Blueprints
Run a SQL query on Databricks, output the result to a CSV file and read that CSV file in a Python script with Pandas
Source
yaml
id: databricks-sql
namespace: company.team
description: |
This flow demonstrates how to run a SQL query on a Databricks lakehouse.
tasks:
- id: sql_query
type: io.kestra.plugin.databricks.sql.Query
accessToken: "{{ secret('DATABRICKS_TOKEN') }}"
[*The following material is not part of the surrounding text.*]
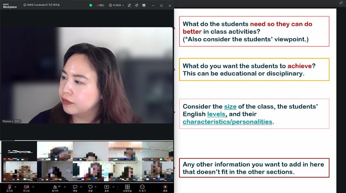 주요 과정은 협력수업의 구조 이해 및 협력교사와 효과적인 수업 운영, 다양한 수준을 반영한 수업 설계 및 맞춤형 교실 수업 방안, 한국 학생의 정서 심리 이해, 영어 캠프 운영, 수업 운영 사례 및 교실 상황별 시나리오, 한국 학교문화 이해 등으로 구성됐으며 총 12시간 동안 실시됐다.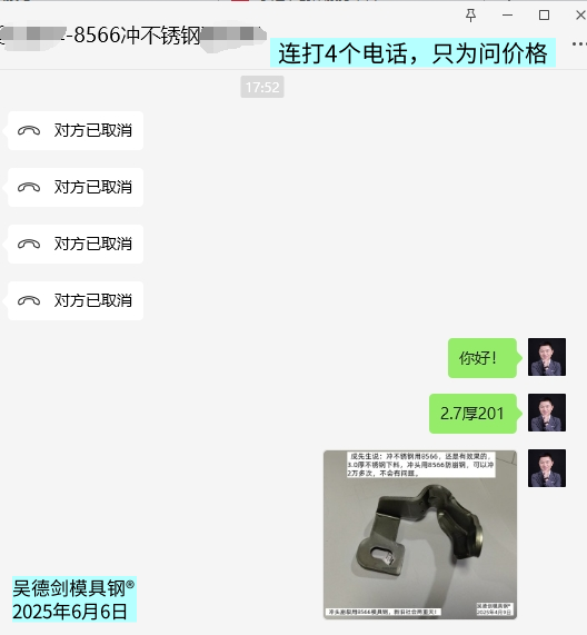 他告诉我说:冲压2.7厚201不锈钢,现在在宁波当地买的97块钱一公斤的8566,上去就崩了,产品冲不出来,现在客户追货追到厂里来了。

host: "{{ secret('DATABRICKS_HOST') }}"
httpPath: sql/protocolv1/o/3497567377305430/0713-130754-9oa8zceh
sql: SELECT * FROM samples.nyctaxi.trips LIMIT 100;
- id: csv
type: io.kestra.plugin.serdes.csv.IonToCsv
from: "{{ outputs.sql_query.uri }}"
- id: pandas
type: io.kestra.plugin.scripts.python.Script
beforeCommands:
- pip install kestra pandas > /dev/null
script: |
import pandas as pd
df = pd.read_csv("{{ outputs.csv.uri }}")
df.head()
About this blueprint
pip Python Databricks
This flow demonstrates how to run a SQL query on a Databricks lakehouse. The results are stored in a CSV file. Then, the flow uses Pandas to read the CSV file and further process the data. The Databricks SQL Connector is designed to perform SQL queries on a Databricks lakehouse and handle the results. In simple terms, it allows you to query data stored in Databricks and manipulate or analyze this data. This process involves three main steps:
- SQL Query Execution: The connector executes a SQL query on the Databricks lakehouse.
- CSV Conversion: The results of the SQL query are converted into a CSV format.
- Data Processing with Pandas: The CSV data is then processed using the Pandas library in Python for further analysis or manipulation. This flow is particularly useful for extracting and transforming data stored in Databricks for various data analysis and data science applications.